What might the future hold?

Rather than predicting the future of programme delivery, we need to ensure we’re collectively engaged in creating it. We need to actively respond to the fast-changing needs of the world around us – including those of our students and the multiple stakeholders that have vested interests in HE. In this shifting space, our networks and trusted relationships are arguably more important than ever, as our worlds become increasingly complex, fragmented and competitive.


And we mustn’t draw hard lines around or prioritise communities that are made up of certain types of institutions or certain groups of people. We need to recognise the increasing porosity of the boundaries between higher education, other forms of education, society, business and industry and build on the new communities that are beginning to form in some areas of higher education (such as business and industrial panels). Our disciplinary communities – and programme development teams – could (should?) grow to include other educational sector representatives, employers, emerging tech and market experts, business and data analysts and policy wonks – to name but a few. This will not only help us to keep up, but to actively invent the future. I’ve been arguing for some time that aspects of academic governance need similarly to adapt too.

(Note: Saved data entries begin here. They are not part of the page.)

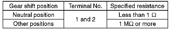 3) Measure the resistance between neutral position switch terminals.
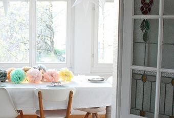 Se trata de dos mesas para decorar de forma original y sobre todo FÁCIL con pompones de seda o farolillos, la primera con algo más de color y la segunda en tonos mas neutros pero ambas tienen algo en común UNAS MESAS MUY MUY SENCILLAS donde reina la elegancia del menos es mas y que seguro que podemos adaptar a todas nuestras casas.
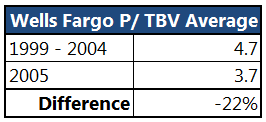 One key metric used by investors to gauge a bank's relative value is the price-to-tangible book value. Wells Fargo watched its fall as the decade progressed:
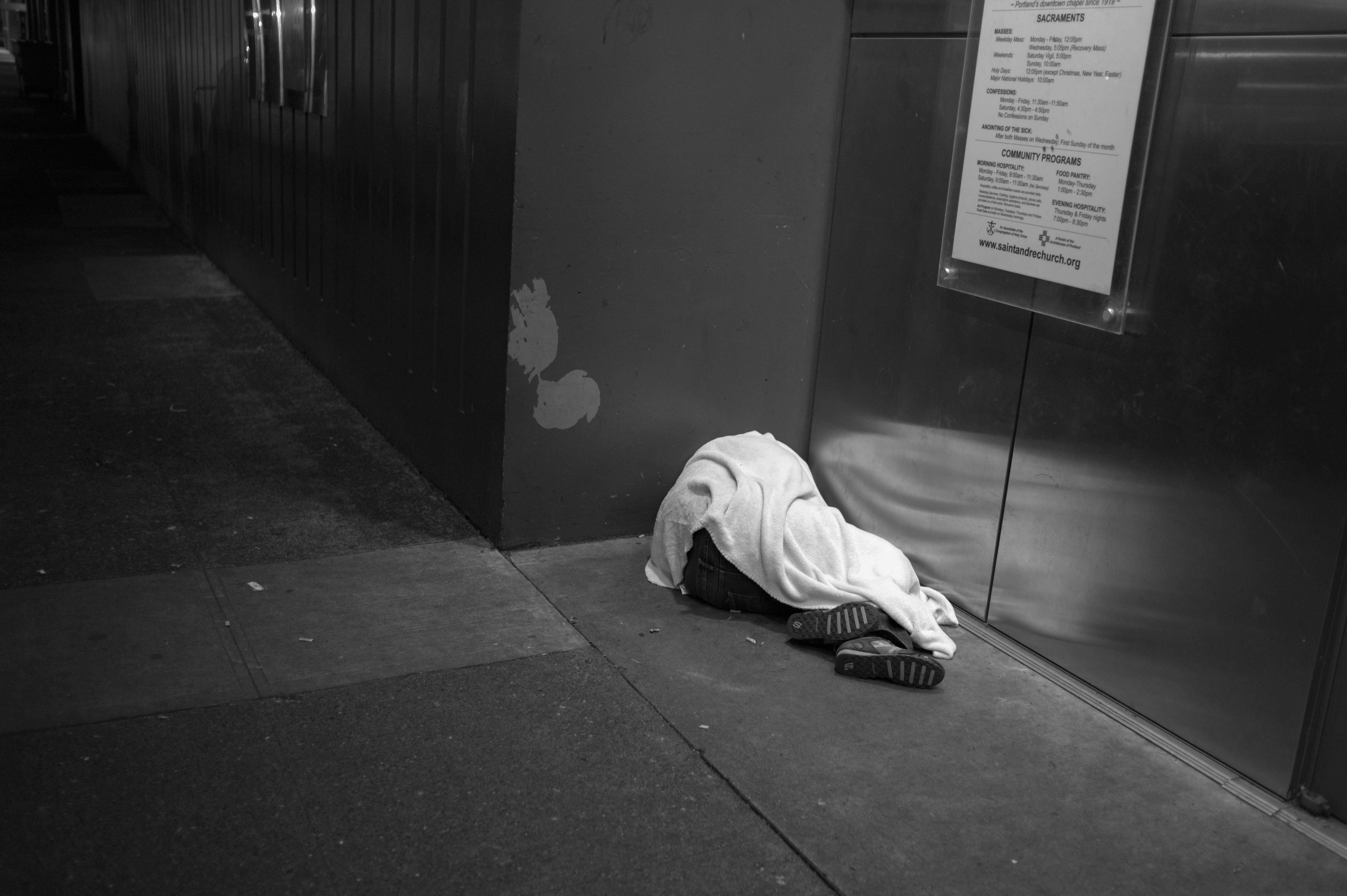 A solitary figure, wrapped in a white blanket, lies curled up against a wall in a shadowy corner, underscoring the stark reality of urban life. The black-and-white composition emphasizes the somber mood, with dim lighting casting a gentle glow that draws attention to their vulnerable state. The juxtaposition of the person against the sleek elevator and informational sign starkly highlights the contrast between two worlds existing side by side.
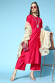 Dhiyona IE Women Pink Yoke Design Liva Kurta with Palazzos & Dupatta
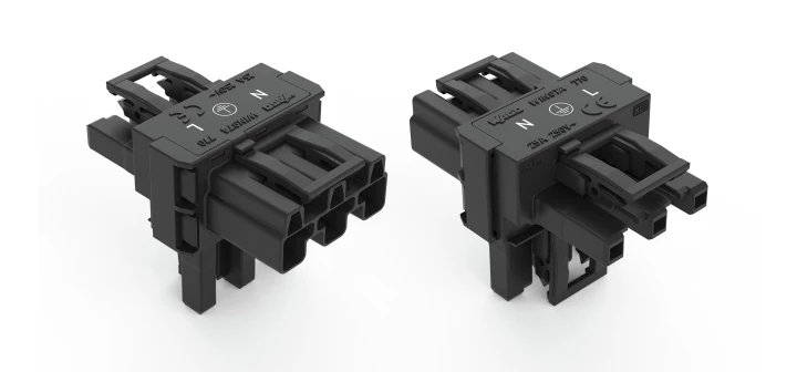 Rozgałęźnik typu T 3-torowy 1x wtyk / 1x gniazdo czarny WINSTA 770-615 /50szt./
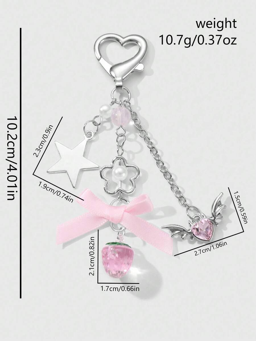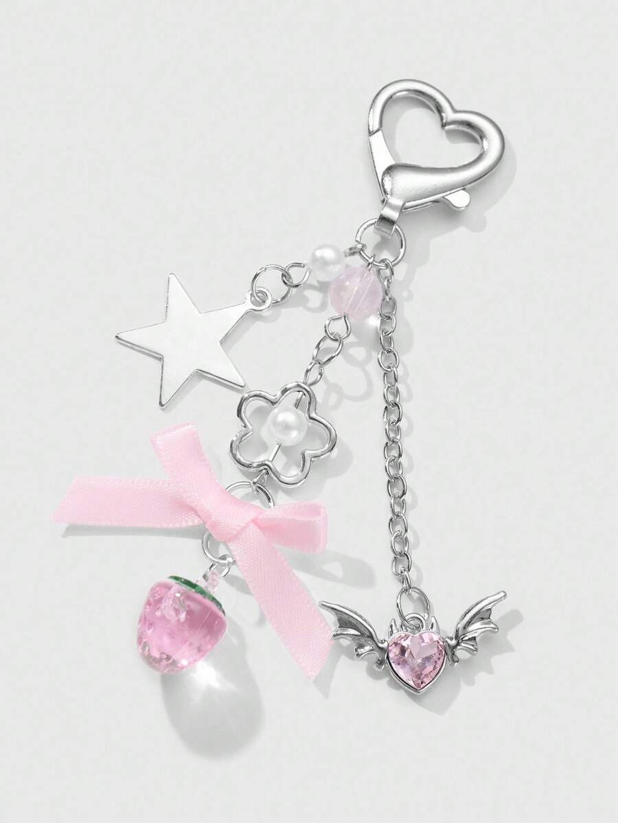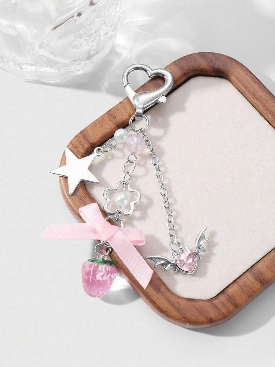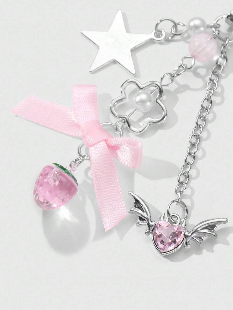 Kawaii 1 Pezzo Collana alla moda e versatile con ciondolo in argento, decorazioni con perla, cristallo, stelle, ali, cuore, fiore, fiocco, fragola, adatto per l'uso quotidiano delle donne e ragazze o come regalo per festival
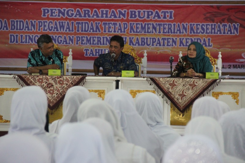 Sebanyak 135 Bidan Pegawai Tidak Tetap Kementerian Kesehatan di Lingkungan Pemerintah Kabupaten Kendal, Kamis (2/3) di pendopo kabupaten, mengikuti pengarahan dari Bupati Kendal.
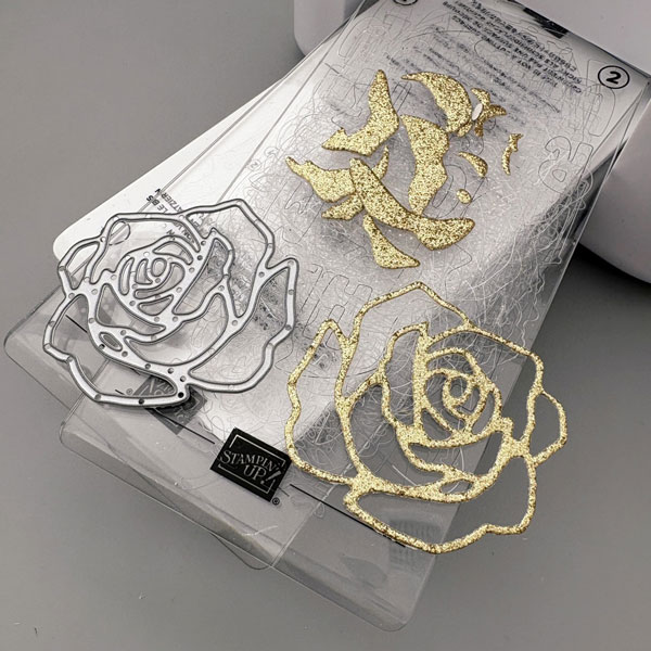 Die cut roses and leaves with DCS Gold Glitter Heavyweight 12 x 12 cardstock. I find this glitter cardstock very easy to cut through. Some of the glitter cardstock I’ve used before uses adhesives to bind to the glitter, which takes a little more time to peel the die cut pieces off each other. This glitter cardstock, on the other hand, separates very easily after it’s been cut through.
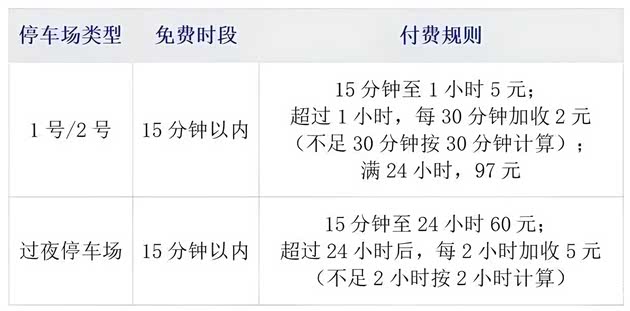 超时收费:停车时长超过24小时后,每2小时加收5元,不足2小时按2小时计费。

Please don’t get me wrong – as the ENQUIRE event proved, we’re doing well. There’s good evidence of our ongoing intent and ability to work together despite the prevailing winds of commodification and competition. So, let’s keep inventing the future of programme delivery, together. Like Industry 5.0, HE 5.0 must aim beyond efficiency, productivity and economic value, and reinforce the contribution of our programmes of study to society and the wider world, and the amazing contribution of society and the wider world to our programmes of study.